### Problem description
Repeat only what runs from the line with "华为今天宣了两个代言人,易烊" through the last line of the data below, both included, keeping every word as it is and leaving out the pictures.

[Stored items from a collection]
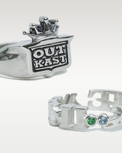 Outkast, the legendary hip-hop duo from Atlanta, Georgia, has been reshaping the sound and culture of music since 1992. From Atlanta’s streets to worldwide acclaim, Big Boi and André 3000 redefined the genre with groundbreaking albums like Southernplayalisticadillacmuzik, Aquemini, Stankonia & Speakerboxxx/The Love Below. Drawing inspiration from these albums for their boundary-pushing style and vision, we designed two rings: the Aquemini Ring and Logo Signet.
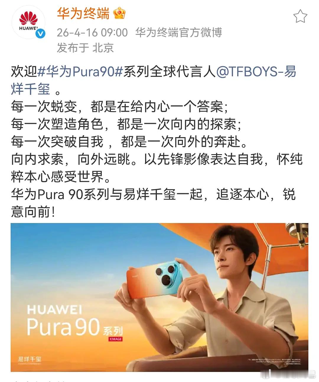 华为今天宣了两个代言人,易烊千玺Pura90系列全球代言人,杨幂鸿蒙智行享界品牌
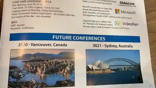 最后,NeurIPS 还公布了后年大会的举办地点:在明年继续在温哥华举办一届之后,NeurIPS 2021 将移师澳大利亚城市悉尼。
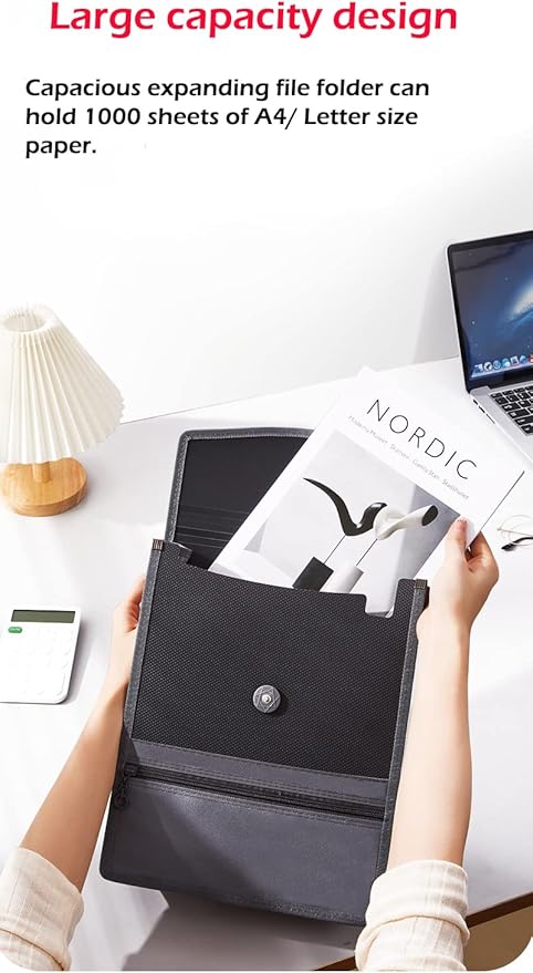 • 【3-1/2" Expansion 】Product size: 12.6”×10.2”×3.1” (L* W* H). Capacious expanding file folder can hold 1000 sheets of A4/ Letter size paper. It is large enough to keep all of your important documents securely without getting all bunched up but also compact enough to carry in a backpack.
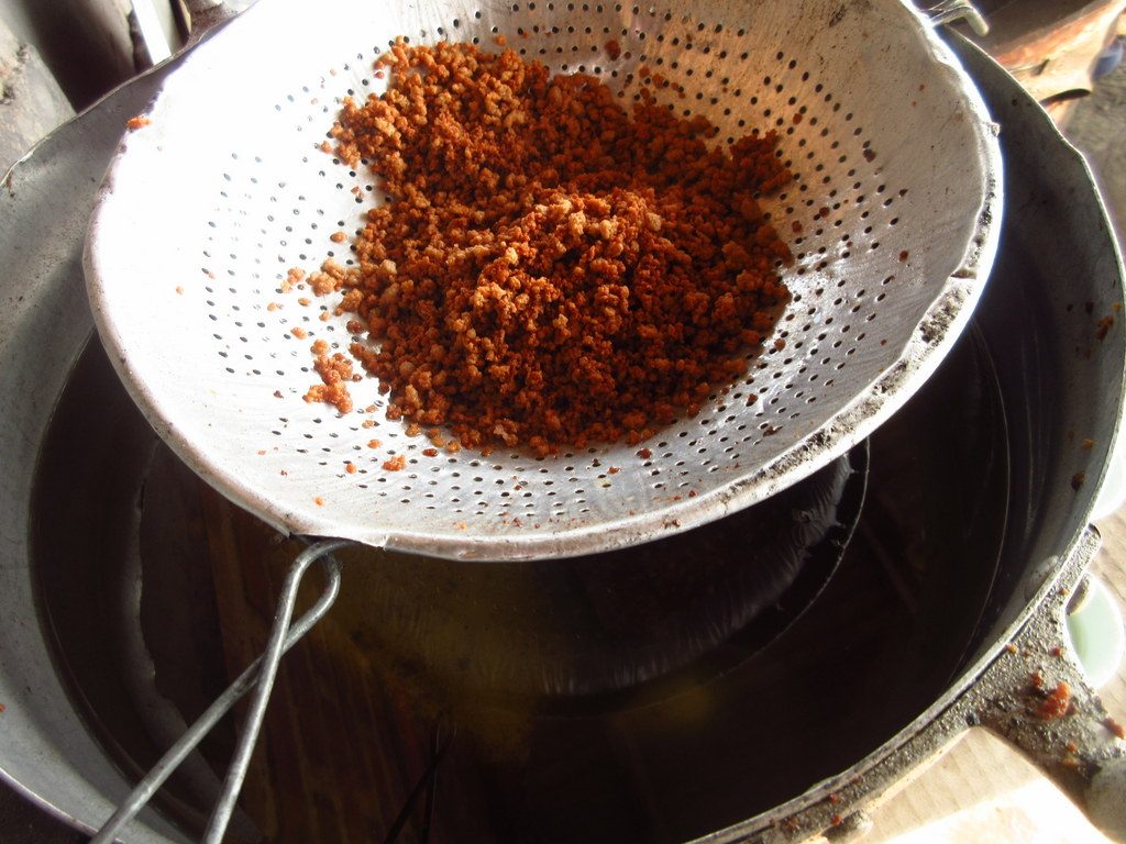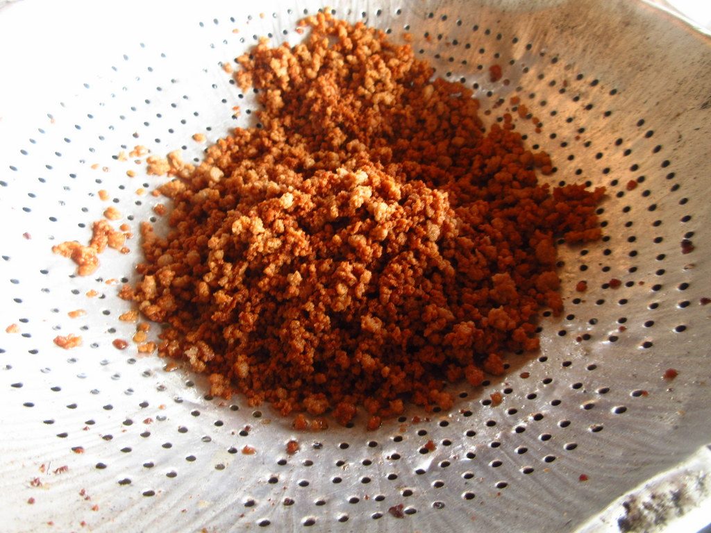 このツブツブは、オイルを煮詰めるときにできたココナッツのカスですが、

### Task result
 华为今天宣了两个代言人,易烊千玺Pura90系列全球代言人,杨幂鸿蒙智行享界品牌
 最后,NeurIPS 还公布了后年大会的举办地点:在明年继续在温哥华举办一届之后,NeurIPS 2021 将移师澳大利亚城市悉尼。
 • 【3-1/2" Expansion 】Product size: 12.6”×10.2”×3.1” (L* W* H). Capacious expanding file folder can hold 1000 sheets of A4/ Letter size paper. It is large enough to keep all of your important documents securely without getting all bunched up but also compact enough to carry in a backpack.
 このツブツブは、オイルを煮詰めるときにできたココナッツのカスですが、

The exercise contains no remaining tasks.